Furthermore, the FDD references preferred equity investments in entities such as EDG Alpharetta EH, LLC, Six Senses New York, and ASR JV One, LLC (Aetna Springs), with combined net book values of $34.3 million and $12.1 million at December 31, 2024 and 2023, respectively. This shows that Atwell Suites has equity investments that are recorded and valued in their financial statements.
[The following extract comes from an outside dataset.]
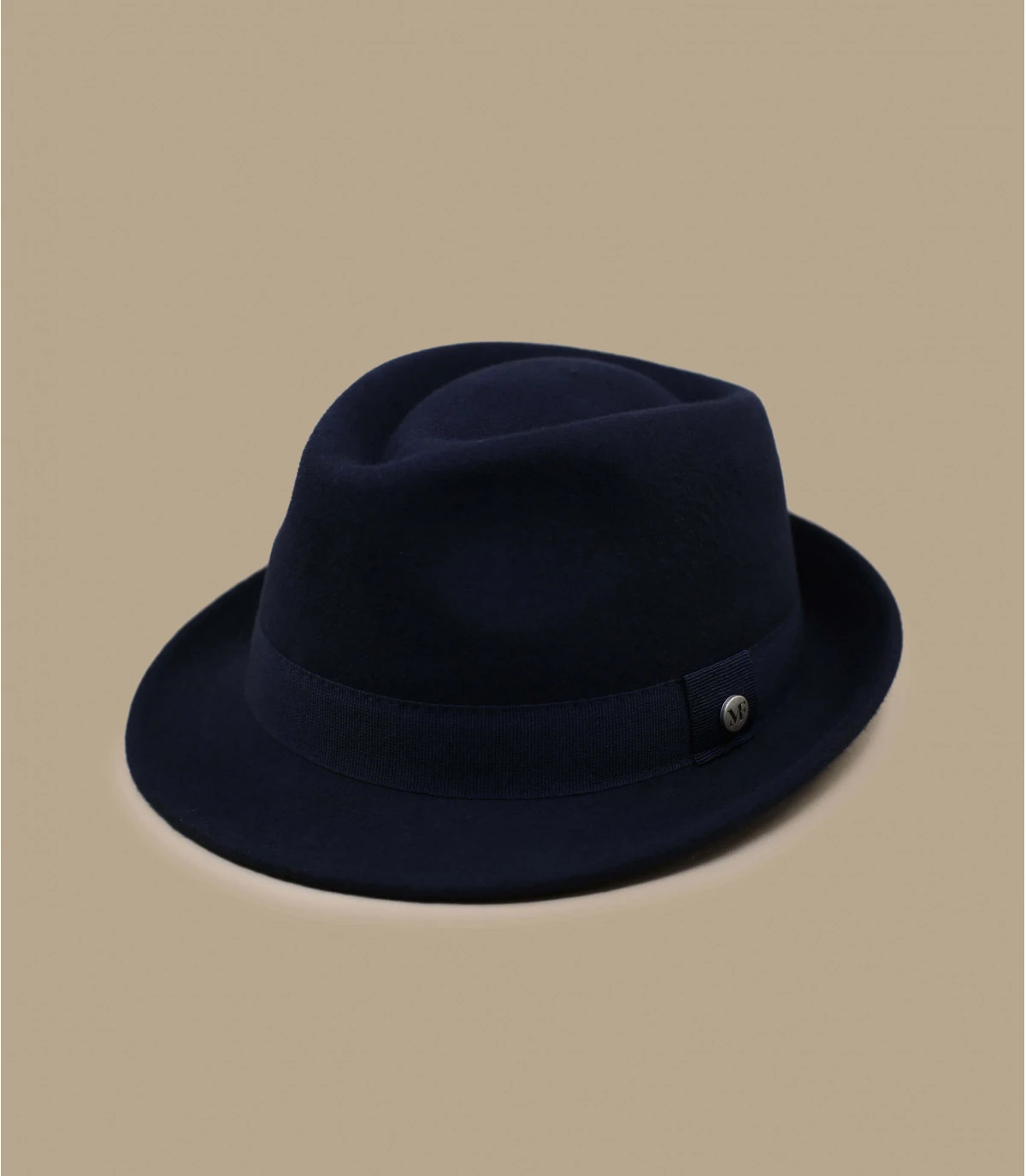 Couvrez-vous avec style cet hiver, en portant ce superbe chapeau trilby en feutre de laine dĂ©perlant de couleur bleu marine. RelevĂ© dâun galon ton sur ton et dâun petit pinâs en mĂ©tal, il est souple et doux, sa confection soignĂ©e est rĂ©alisĂ©e en Italie.

The inclusion of these values suggests that the financial statements provide some level of detail regarding member's equity, though the specific format and presentation are not detailed in this excerpt.

Additionally, the notes to the consolidated financial statements discuss investments in unconsolidated entities, such as Aetna Springs and Six Senses New York, detailing the amounts invested and the terms of these investments. For instance, in 2023, Atwell Suites invested $9.5 million in Aetna Springs as preferred equity earning 5% per annum. Similarly, the company invested $25 million in preference shares for the Six Senses hotel in New York City. These disclosures further support the presence of equity-related information within the financial statements, although a dedicated "statement of member's equity" is not explicitly confirmed.

Disclaimer: This information is extracted from the 2025 Franchise Disclosure Document and is provided for research purposes only. It does not constitute legal or financial advice. Consult with a franchise attorney before making any investment decisions.